Troubleshooting instability
If Ollama crashes or the Mac becomes sluggish, reduce parameters in this order.
First reduce num_batch:
64 -> 32
Then reduce num_ctx:
8192 -> 6144
Then reduce num_gpu:
55 -> 50
Finally reduce the wired memory limit:
22000 -> 20000
A stable machine is more useful than a theoretical maximum configuration that crashes during real work.
About Metal crashes
During experimentation, one possible failure mode is a Metal backend crash, with logs similar to:
ggml-metal-device.m:608: GGML_ASSERT([rsets->data count] == 0) failed
panic during panic
When this happens, it is often better to reset the setup rather than keep pushing the same configuration.
A practical recovery sequence is:
killall Ollama
killall ollama
launchctl unsetenv OLLAMA_FLASH_ATTENTION
launchctl unsetenv OLLAMA_KV_CACHE_TYPE
launchctl unsetenv OLLAMA_CONTEXT_LENGTH
sudo sysctl iogpu.wired_limit_mb=20000
Then reboot the Mac and restart from a conservative profile.
Final recommendation
For a 32 GB M5 Mac that should remain useful as a normal workstation, I would use this:
sudo sysctl iogpu.wired_limit_mb=22000
launchctl setenv OLLAMA_FLASH_ATTENTION "1"
launchctl setenv OLLAMA_KV_CACHE_TYPE "q8_0"
launchctl setenv OLLAMA_CONTEXT_LENGTH "8192"
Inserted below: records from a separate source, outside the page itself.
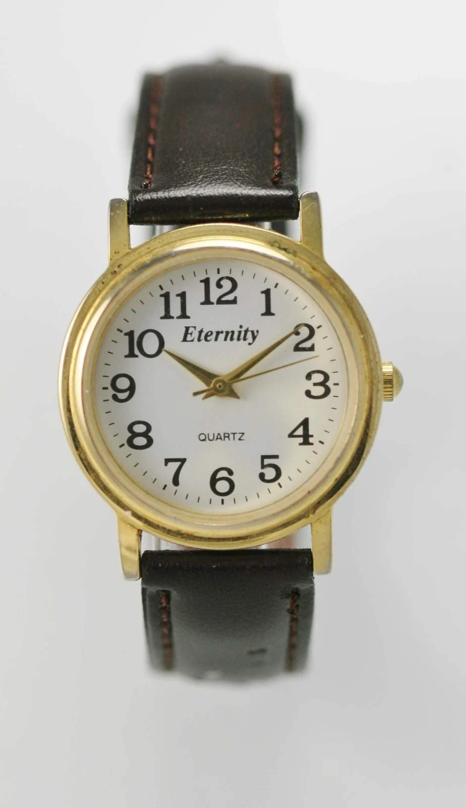 Eternity Womens Watch White Stainless Gold Brown Leather Battery Water Re Quartz
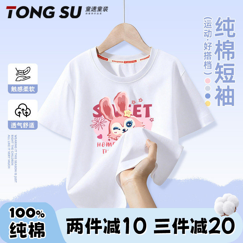 女童短袖t恤纯棉2026新款洋气打底衫6-10岁女孩时髦上衣儿童夏装
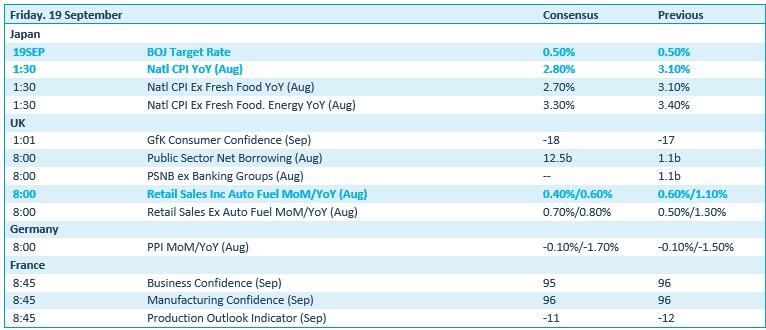 - Qua economisch nieuws vervolgt het rentecircus vandaag zijn wereldtournee, omdat de Japanse centrale bank over de beleidsrente besliste. Dichter bij huis kijken we uit naar de Britse kleinhandelsverkoop en – mogelijk belangrijker – het consumentenvertrouwen in september. Duitsland zat daar de evolutie van de producentenprijzen tegenover, terwijl Frankrijk zijn plaats op de kalender opeist met een update van het zakelijke vertrouwen in september. Geen van deze cijfers weegt echter voldoende zwaar om écht de stempel op de handelsdag te kunnen duwen.
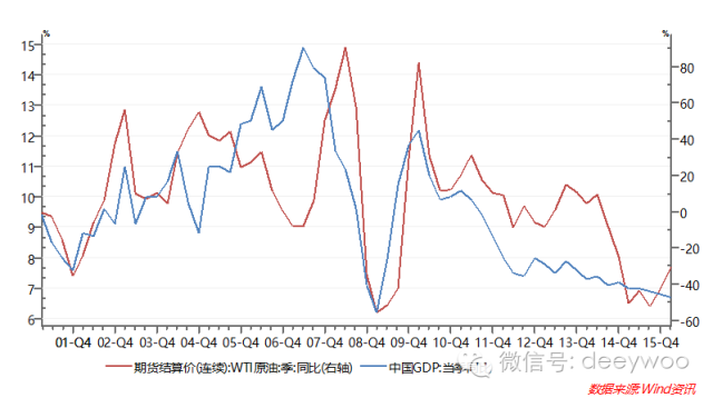 WTI原油价格同比增速(红色,右轴),中国GDP同比增速(蓝色,左轴) 数据来源:WIND资讯

launchctl setenv OLLAMA_KEEP_ALIVE "5m"
And this Modelfile:
FROM ./gemma-4-31B-it-UD-IQ3_XXS.gguf
PARAMETER num_ctx 8192
PARAMETER num_batch 64
PARAMETER num_gpu 55
PARAMETER temperature 1.0
PARAMETER top_p 0.95
PARAMETER top_k 64
This is not the most extreme configuration. It is the one I would actually want to use.
It gives enough context for serious work, enough GPU offload for acceptable performance, and enough memory headroom to keep the Mac usable while doing other things.
That is usually the sweet spot for local LLMs: not maximum throughput, but sustainable performance.